A CNN trained on a localization task needs a labeled training set with the four parameters of the bounding box defined for each example. In particular the label vector $y$ will be:
\[y= \begin{bmatrix} p_c \\ b_x \\ b_y \\ b_h \\ b_w \\ c_1 \\ c_2 \end{bmatrix}\]where $p_c$ is the probability that the picture contains an object (either 1 or 0), $b_x, b_y, b_w, b_h$ are the parameters of the bounding box and $c_1$ and $c_2$ are 1 if the object in the picture is class 1 or 2 respectively, otherwise they are 0. When $p_c=0$ we can ignore all other values of the label vector $y$, since the only feature that we care to learn is that in that image there is no object. This is reflected in the loss function $\mathcal{L}(\hat{y},y)$
\[\mathcal{L}(\hat{y},y)= \begin{cases} \sum_{i=1}^{c+4}(\hat{y}_i - y_i)^2 & \text{if } y_i = 1 \\ (\hat{y}_i - y_i)^2 & \text{if } y_i = 0 \\ \end{cases}\]Here squared error loss function is used for all labels where in reality squared error is used for the bounding box labels and $p_c$, while for the 2 class labels log loss is usually employed although probably using squared error would work just fine.
Landmark detection
By expanding object localization to a more general case, we can train a neural network to output $x,y$ coordinates of relevant points (landmarks) in an image. Suppose we are building a face recognition application and we want to identify some important features of a face, as for example the eyes and the mouth.
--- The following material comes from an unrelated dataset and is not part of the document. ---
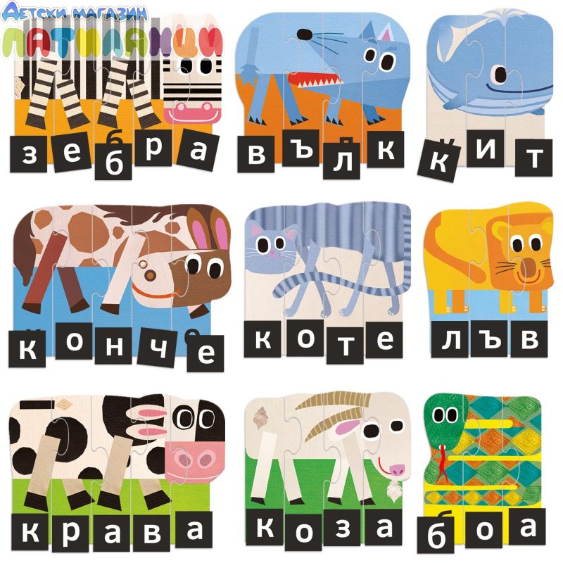 Научете се как да четете и пишете с тези забавани пъзели с животни.Сглобете прогресивните пъзели, съпоставете буквите и бъдете пръвият, който е съставил думите.
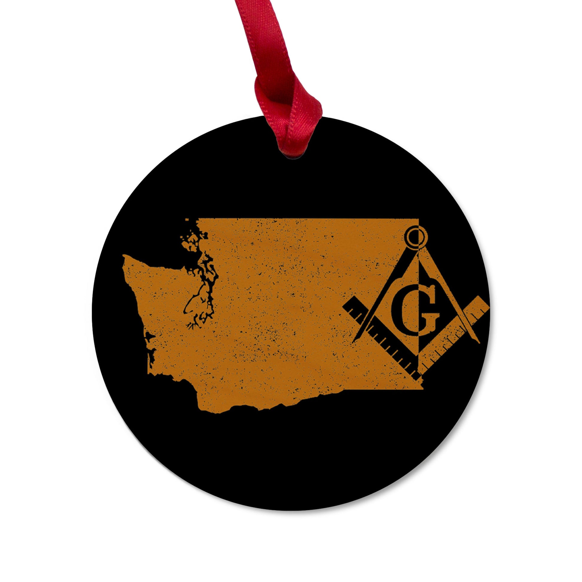 Washington square & compass freemason symbol state map - Round Wooden Maple Ornament

To train a network on the task to recognize these landmarks, the label vector $y$ would contain the eyes coordinates and mouth coordinates.
Obviously, in order to train a neural network to output landmark coordinates it has to be trained on a labeled dataset, which needs to be laboriously and precisely annotated for each landmark in each picture.
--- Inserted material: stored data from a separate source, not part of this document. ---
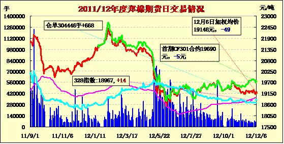 12月6日,鄭棉CF1305合約平開,早盤沖高盤整,盤中高位換手后下滑,午后成交重心下移,日線形成陽線星,日內(nèi)成交量萎縮,持倉量增加。CF1301合約日成交2428手,日減倉1740手,終盤持倉量82784手;CF1305合約日成交37010手,日增倉440手,終盤持倉量178270手?;久媲闆r:由于高等級資源較為緊張,部分地區(qū)棉企搶收籽棉,日收購量能有3-5萬斤。部分棉企在保證不虧本的情況下也在陸續(xù)把不夠交儲標(biāo)準(zhǔn)的現(xiàn)貨銷售給紡織企業(yè),現(xiàn)貨市場略有回暖跡象。新疆方面,目前有獲得農(nóng)發(fā)行貸款支持的棉企大多仍在收購,資金相對比較充足;相比之下靠自籌、融資等的棉企資金相對比較緊張。棉副方面,近期受到貨源逐步減少的支撐,棉籽行情表現(xiàn)較強(qiáng);油脂、粕類行情震蕩使得棉油、粕價格躊躇。
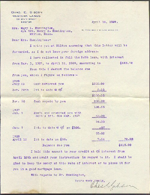 (1705) Letterhead - April 15, 1909 - Chas E. Gibson - Western Lands - Boston, MA. Condition: Very Good Letterhead measures 8 1/2" by 11" and has been folded. This typed letter gives information about a loan and was sent to Mary L. Huntington in Milton, MA. Mary was married to Reverend Henry Strong Huntington (1836 to 1920). Reverend Huntington was a Congregational Minister in New Hampshire, Illinois, Maine, and Massachusetts. A collection of his family's letters and papers is housed at the Yale University Divinity Library Special Collections. It is signed by Mr. Gibson. There is a record of a Chas E. Gibson Company in Boston in 1914 and a Charles E. Gibson who was commodor of Buck's Harbor Yacht Club in 1926 (Boston). Item # 1 of The HUNTINGTON GROUP
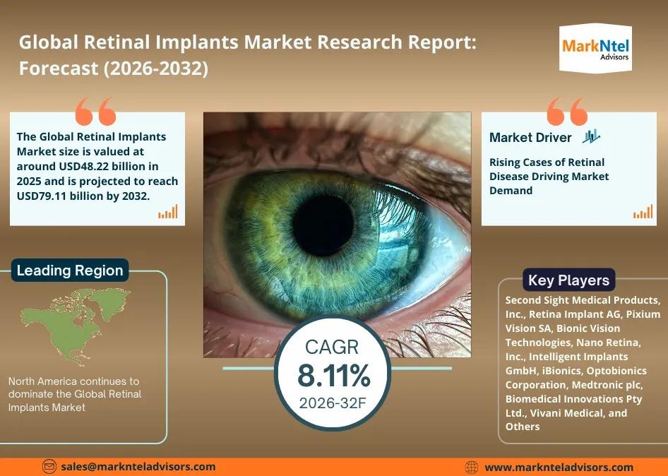 MarkNtel Advisors, a leading research and consulting firm, has announced the release of its latest study titled Retinal Implants Market Research Report: Forecast (2026–2032). This report provides a detailed assessment of the Retinal Implants Market, covering its evolving dynamics, emerging trends, key growth drivers, major challenges, and competitive landscape.
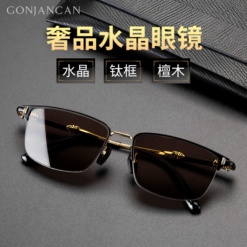 奢品水晶眼镜男水晶石眼镜石头镜钛镜框高级墨镜定制带度数太阳镜
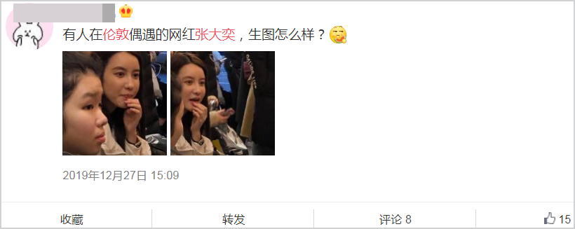 随后,有人扒出了张大奕在去年12月份的行程,在去年12月27日,正好同上述爆料人偶遇的同一天,有人在伦敦偶遇张大奕,还拍摄到了她的生图。

In Figure 103 we can see a typical set of landmarks for face-oriented tasks. Another example of landmark detection not applyed to face pictures is pose detection where landmarks usually reflect body joints (e.g. shoulder, knee) that, connected toghether, form a sort of skeleton of a person.
Object detection
A convnet can be trained on object detection using a technique called sliding window detection. Suppose we want to train an algorithm for a self-driving car, which should be able to detect multiple type of objects and multiple instances of objects in a picture (figure below).
In order to obtain an object detection capable neural network, we need to train it on a training where each example is a picture of a closely cropped car (figure below) and the label simply tells if the picture contains a car or not.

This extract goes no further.